Print the whole listing again exactly, keeping no pictures in it.
*** SUPPLIED MATERIAL Section Begins ***
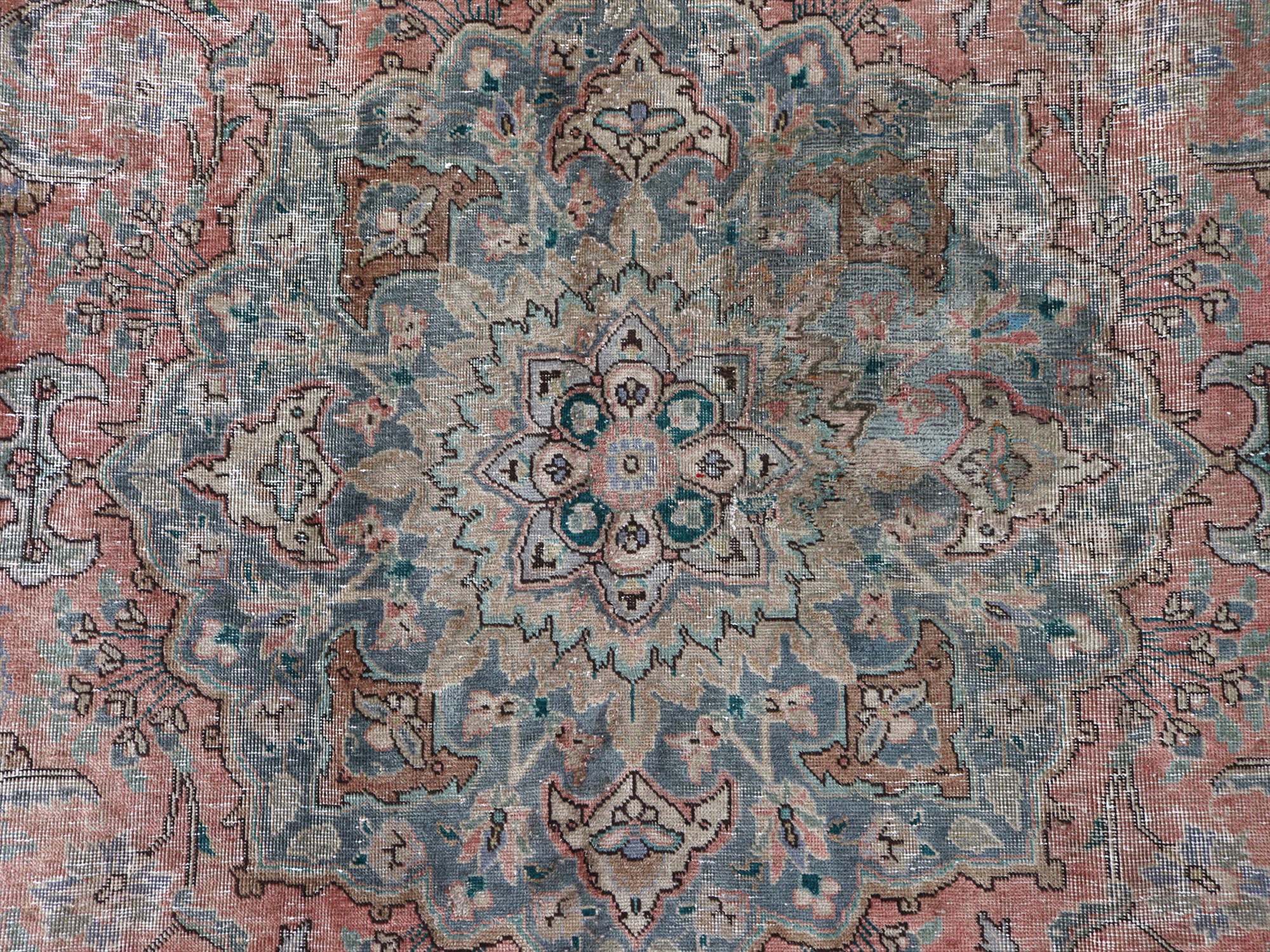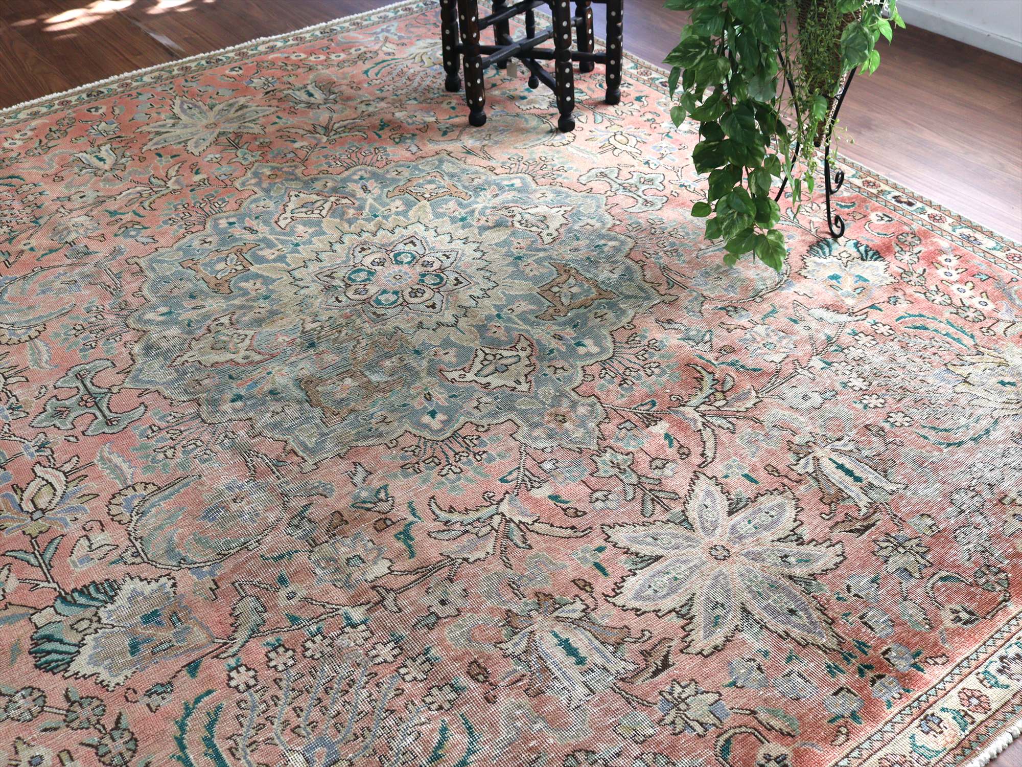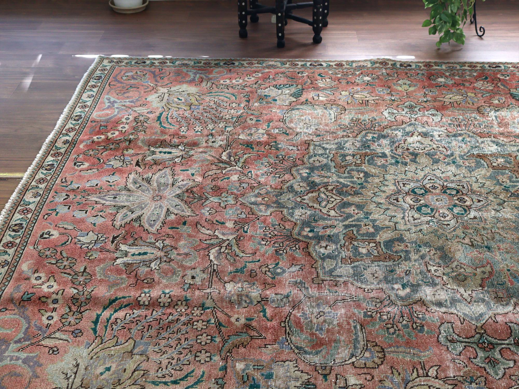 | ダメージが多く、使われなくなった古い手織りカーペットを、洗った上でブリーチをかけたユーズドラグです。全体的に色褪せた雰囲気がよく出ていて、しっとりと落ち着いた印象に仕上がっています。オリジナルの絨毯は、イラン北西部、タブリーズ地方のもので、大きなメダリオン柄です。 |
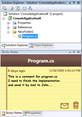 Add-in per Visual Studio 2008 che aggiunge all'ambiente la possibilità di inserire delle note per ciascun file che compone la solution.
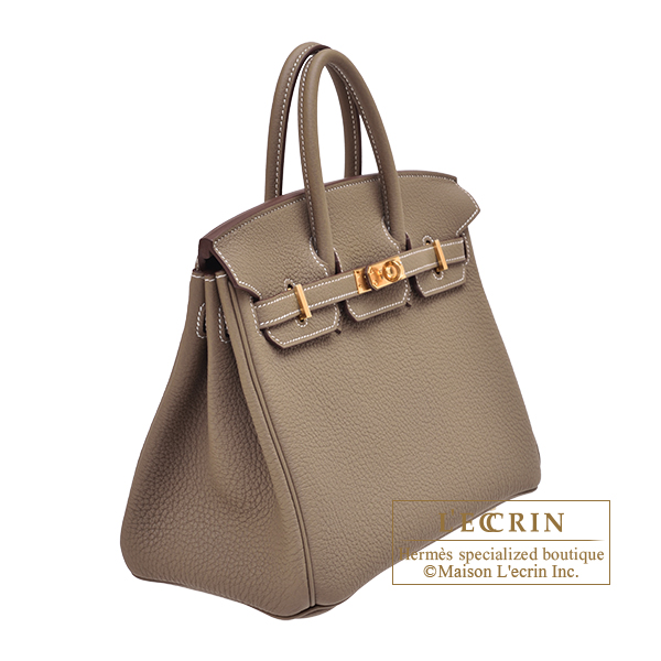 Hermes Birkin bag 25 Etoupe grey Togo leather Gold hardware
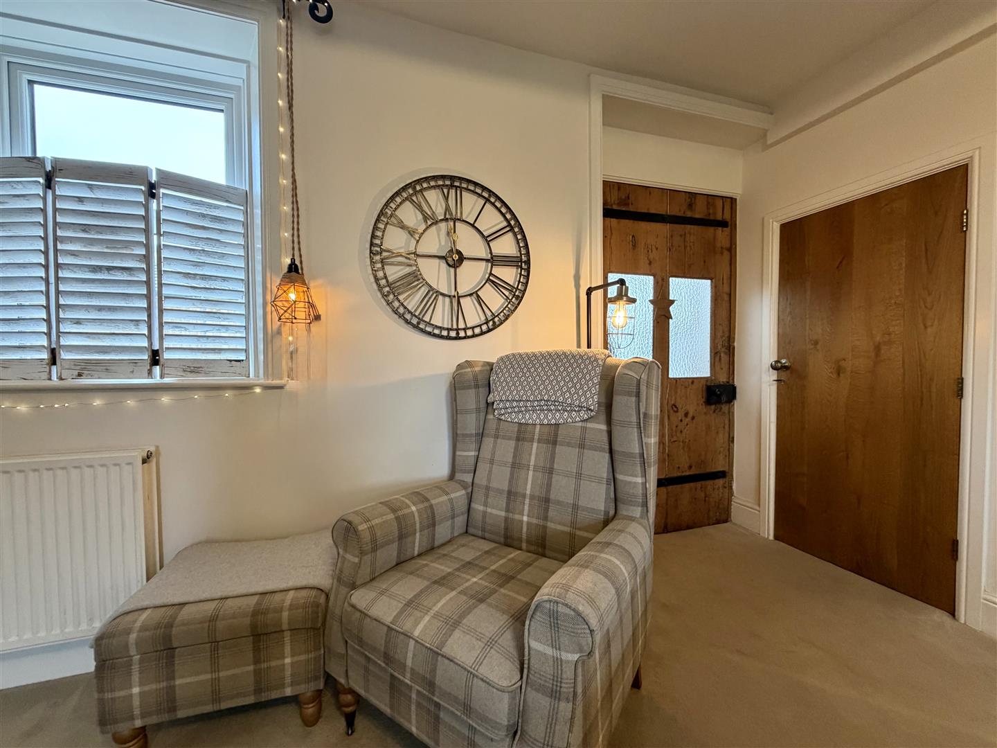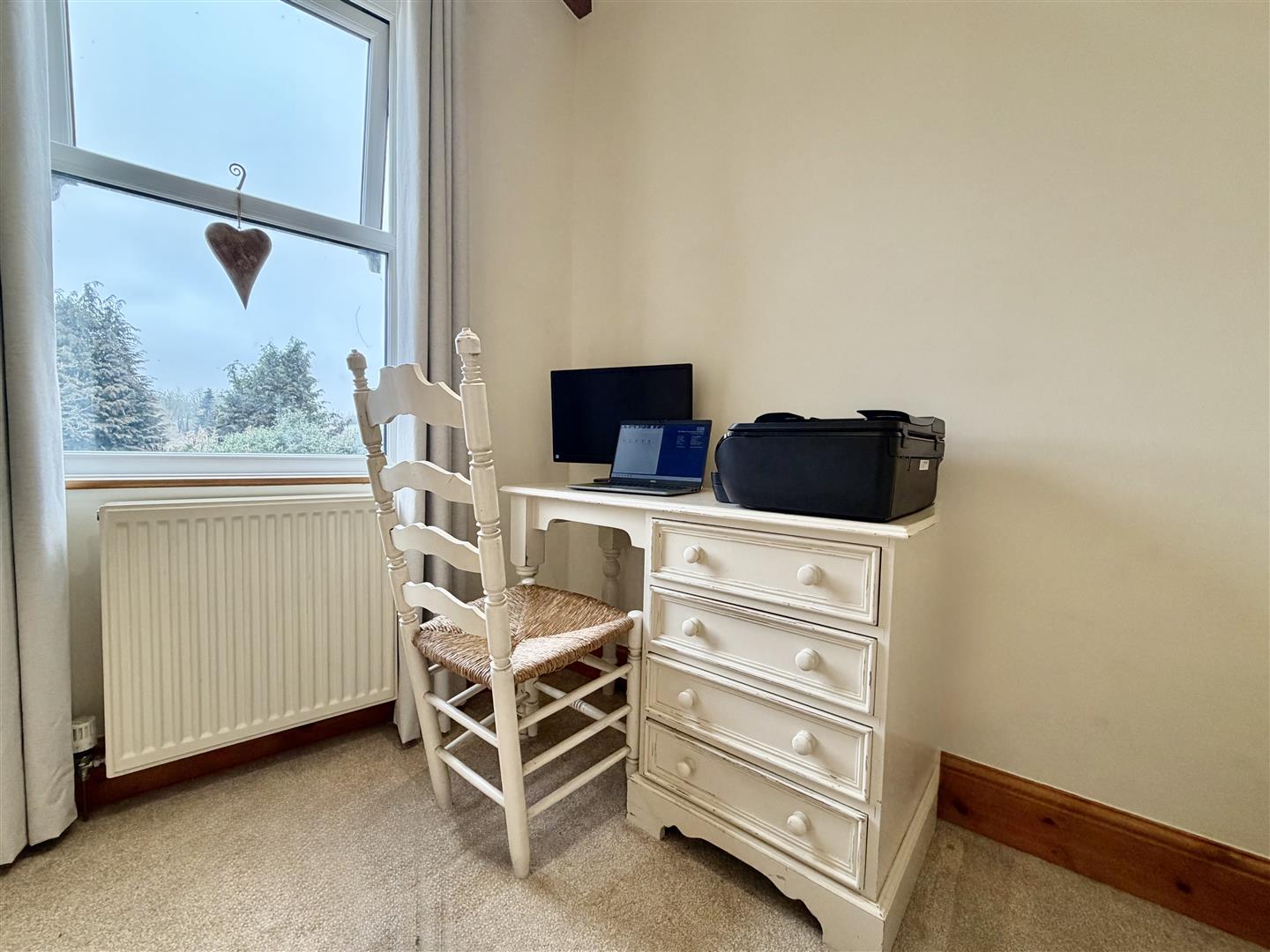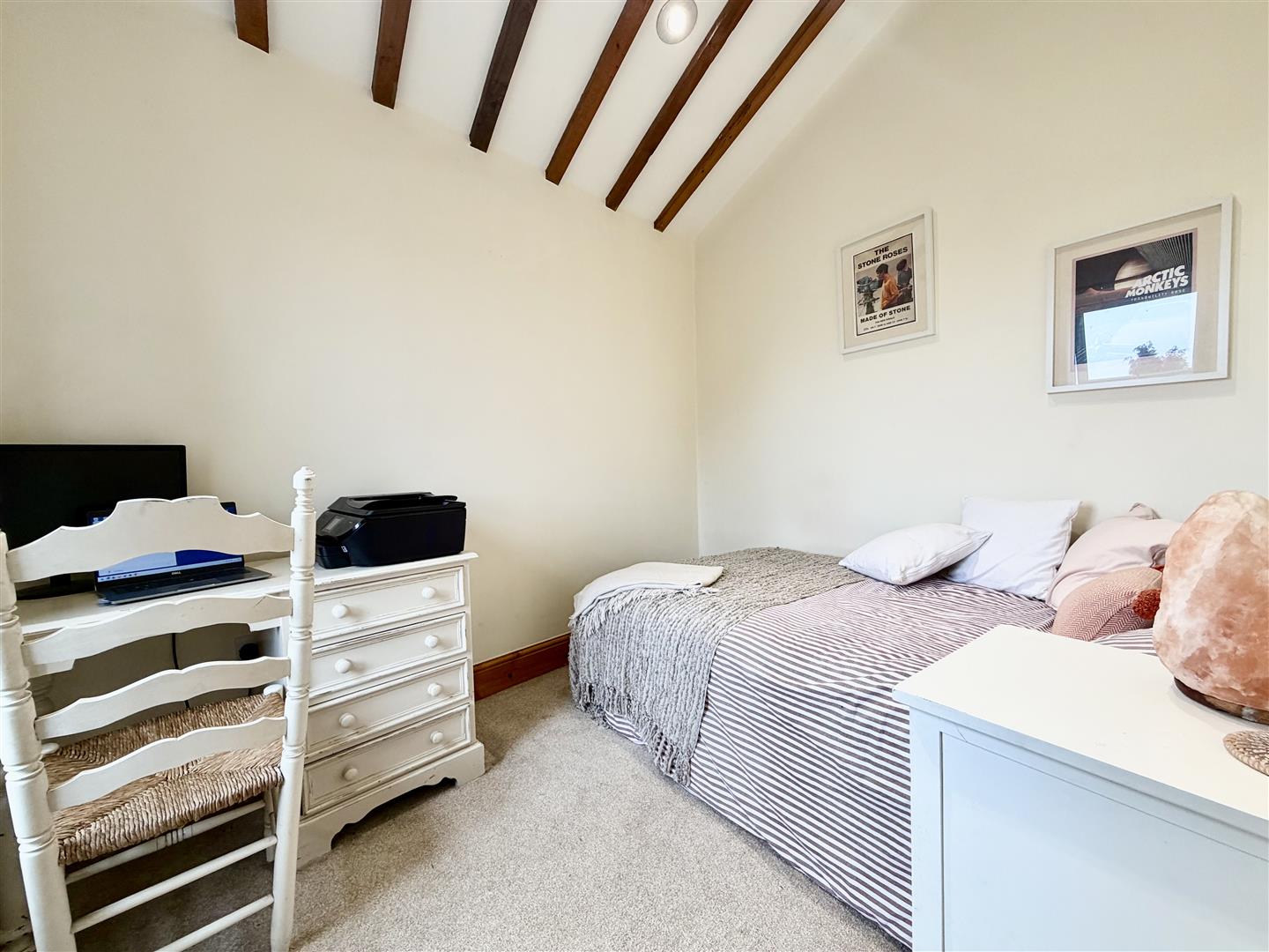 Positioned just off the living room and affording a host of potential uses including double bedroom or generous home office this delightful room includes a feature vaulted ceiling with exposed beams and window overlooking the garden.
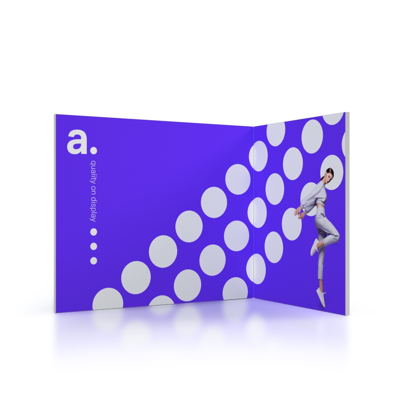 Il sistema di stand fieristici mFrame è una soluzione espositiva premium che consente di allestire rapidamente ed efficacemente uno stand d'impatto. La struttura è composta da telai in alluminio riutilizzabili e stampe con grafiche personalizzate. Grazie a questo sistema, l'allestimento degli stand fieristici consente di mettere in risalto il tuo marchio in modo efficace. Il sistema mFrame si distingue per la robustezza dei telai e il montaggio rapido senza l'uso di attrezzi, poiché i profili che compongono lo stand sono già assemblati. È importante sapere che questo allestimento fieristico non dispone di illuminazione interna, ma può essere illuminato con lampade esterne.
*** SUPPLIED MATERIAL Section Ends ***
[RESPONSE]
 | ダメージが多く、使われなくなった古い手織りカーペットを、洗った上でブリーチをかけたユーズドラグです。全体的に色褪せた雰囲気がよく出ていて、しっとりと落ち着いた印象に仕上がっています。オリジナルの絨毯は、イラン北西部、タブリーズ地方のもので、大きなメダリオン柄です。 |
 Add-in per Visual Studio 2008 che aggiunge all'ambiente la possibilità di inserire delle note per ciascun file che compone la solution.
 Hermes Birkin bag 25 Etoupe grey Togo leather Gold hardware
 Positioned just off the living room and affording a host of potential uses including double bedroom or generous home office this delightful room includes a feature vaulted ceiling with exposed beams and window overlooking the garden.
 Il sistema di stand fieristici mFrame è una soluzione espositiva premium che consente di allestire rapidamente ed efficacemente uno stand d'impatto. La struttura è composta da telai in alluminio riutilizzabili e stampe con grafiche personalizzate. Grazie a questo sistema, l'allestimento degli stand fieristici consente di mettere in risalto il tuo marchio in modo efficace. Il sistema mFrame si distingue per la robustezza dei telai e il montaggio rapido senza l'uso di attrezzi, poiché i profili che compongono lo stand sono già assemblati. È importante sapere che questo allestimento fieristico non dispone di illuminazione interna, ma può essere illuminato con lampade esterne.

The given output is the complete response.